One of the areas in which the volunteers made an immense contribution was the establishment of an interactive website (accessibility map). Volunteers for this project combed through things like sports facilities and sidewalks to find “barrier-free” spots like parking lots with wheelchair spots, facilities accessible to people with visual impairment, elevators for wheelchairs, etc., and organized these all into a convenient list. There are now accessibility maps for 200 cities in Russia, modeled off of this original one for Sochi.

Inheriting the Legacies
2016 - Rio Paralympic Games
2018 - PyeongChang Paralympic Winter Games

The Rio 2016 Paralympic Games and the 2018 PyeongChang Paralympic Winter Games inherited all of these legacies.
Let’s first take a look at the Rio Paralympic Games.

A volunteer kissing the Brazilian flag during the Opening Ceremony of the Rio Paralympic Games

In terms of accessibility, the Rio Paralympic Games resulted in the barrier-free redesigns of mainly public locations and tourist landmarks, as well as a million-euro effort to pave roads, install ramps, implement tactile paving for people with visual impairment, and more. There was also progress with regards to laws and regulations, with a new law passed that promised to remove barriers in the realms of public transport, housing, services, education, sports, and the exercising of civil rights.

Also of note were the “numbers” in terms of the media. The Rio Paralympic Games were broadcast in 154 countries and regions, and watched by more than 4.1 billion people—an increase of 7% compared to the 3.8 billion people that watched the London Paralympic Games. The total number of broadcast hours was close to 5,110, which was also more than in the Beijing and London Paralympic Games.

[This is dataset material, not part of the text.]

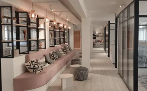 Cette banquette est destinée à un coin repas pour les médecins d’un cabinet en région parisienne. L’utilisation d’un simili skai permet un entretien facile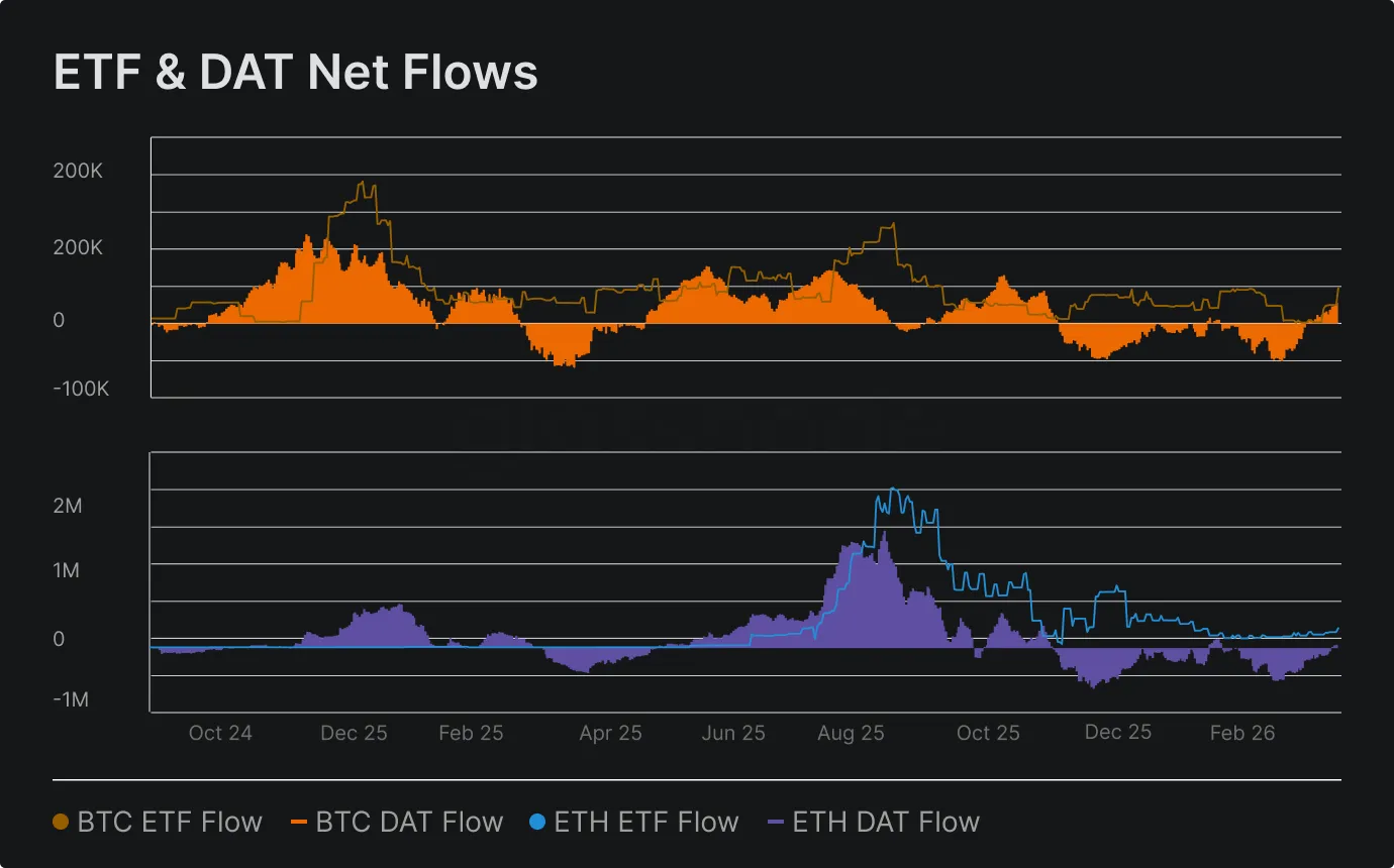 - After sustained February outflows, BTC ETF and DAT flows returned to positive, while ETH institutional flows showed early signs of stabilization.

Within Brazil, the Paralympic Games were broadcast for 247 hours, to a total of 472 million viewers. Watching the Paralympic Games on TV had resulted in changes in many Brazilians’ attitudes towards impairment and people with impairment. Indeed, accessibility seemed to have been improved even further for the Youth Parapan American Games, which were held in Sao Paulo in 2017, leading some athletes to speak to the legacy of Rio with regards to the improvements. This tournament was supported by some of the same volunteers who had supported the Rio Paralympic Games. And according to reporting from IPC, the employment rate of people with impairment increased by 49% after the Rio Paralympic Games, as compared to 2009, when Rio 2016 was first announced.

The PyeongChang Paralympic Winter Games, held in Korea, also resulted in major improvements in accessibility throughout the country. The PyeongChang 2018 Organising Committee established an “Accessibility Recognition Programme” and devoted significant energy towards improving accessibility not just for transport, but for equipment, fixtures/amenities, furniture, and more. They also promoted these efforts by offering accessibility certification for accommodation facilities, restaurants, etc., with superior accessibility.

Volunteers at PyeongChang 2018 smiling and taking commemorative photos

The Paralympic Games have a history of fostering change in the host country’s customs, morals, and laws, and have, in the past, even transformed the very structures of society. Tokyo will be the next stage for the Paralympic Games.